Df Sum Sq Mean Sq F value Pr(>F)
block 3 664.5 221.50 41.589 4.59e-14 ***
treatment 2 33.5 16.77 3.148 0.0509 .
Residuals 54 287.6 5.33
---
Signif. codes: 0 '***' 0.001 '**' 0.01 '*' 0.05 '.' 0.1 ' ' 1
The ANOVA results will indicate whether there are significant differences in plant height between the fertilizer treatments while controlling for block effects.

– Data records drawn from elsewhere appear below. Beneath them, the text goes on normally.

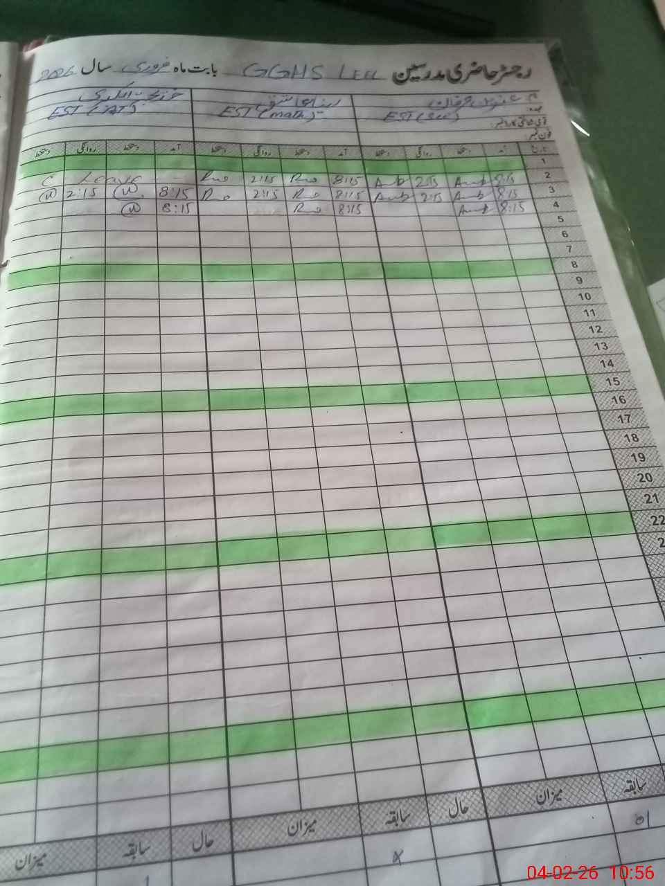 | Leave | Duty | Absent | Maternity | Medical | Ex- Pak |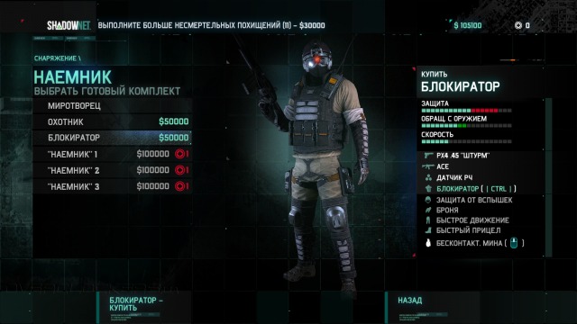 Все очки имеют свой прямой виртуальный денежный эквивалент, который идет на открытые новых шпионских устройств, расширения арсенала и апгрейд костюма. Стимулов к таким тратам очень много — от более мощного пистолета до трикоптера. Даже все возможности наших чудо-очков с тепловизором и сонаром, просвечивающим сквозь стену, открываются за деньги. Соответственно, чем эффективнее вы действуете на миссии, тем больше шансов открыть новое шпионское приспособление.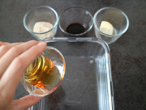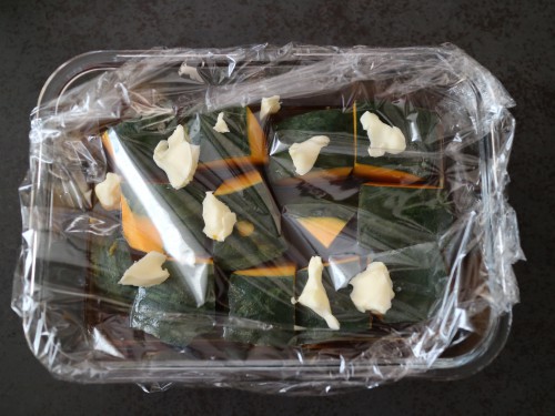 ②耐熱容器に、水と調味料を入れてよく混ぜ、皮を上にして重ならないように並べ、バターをちぎってのせる。ラップをふんわりかけて、両端に隙間を作っておく。

The percentage of variation explained by treatments and blocking terms can be calculated from the ANOVA table.
- Sum of Squares (SS) for each source of variation can be found in the ANOVA table.
- Percentage of variation explained by a source = (SS for that source / Total SS) × 100
For example, to calculate the percentage of variation explained by treatments and blocks:
- SS_total = Sum of Squares Total
- SS_treatment = Sum of Squares for Treatment
- SS_block = Sum of Squares for Block
Percentage of variation explained by treatments = (SS_treatment / SS_total) × 100
Percentage of variation explained by blocks = (SS_block / SS_total) × 100
We are using R to subset the ANOVA results to calculate these percentages, but you can do this by hand from the ANOVA table using a calculator. Try this and compare your answers to the results from the code below.
You will need to know how to read the ANOVA table and calculate the percentage variation explained by hand for your assessments.
anova_table <- summary(anova_result)[[1]]
ss_total <- sum(anova_table$`Sum Sq`)
ss_treatment <- anova_table$`Sum Sq`[2]
ss_block <- anova_table$`Sum Sq`[1]
percent_treatment <- (ss_treatment / ss_total) * 100
percent_block <- (ss_block / ss_total) * 100
cat("Percentage of variation explained by treatments:", round(percent_treatment, 1), "%\n")Percentage of variation explained by treatments: 3.4 %
Percentage of variation explained by blocks: 67.4 %
This information helps to understand the contribution of treatments and blocks to the overall variation in plant height.
You should now be able to write out an RCBD statistical model, fit it using aov() with a blocking term, interpret the output, and calculate the percentage of variation explained by treatments and blocks from the ANOVA table.
Wrap-up
In this tutorial, we covered key concepts in experimental design, including randomisation, experimental units vs sampling units, replication, and control of variation through CRD and RCBD. We also demonstrated how to analyse data from these designs using ANOVA in R.
Example exam questions
Define the terms “experimental unit” and “sampling unit”. Provide an example of each from a hypothetical agricultural experiment.
Explain the importance of randomisation in experimental design. How does randomisation help to reduce bias in an experiment?
Describe the key features of a Completely Randomised Design (CRD). When is it appropriate to use a CRD?
Describe the key features of a Randomised Complete Block Design (RCBD). When is it appropriate to use an RCBD?
Given an ANOVA table from an RCBD experiment, calculate the percentage of variation explained by treatments and blocks.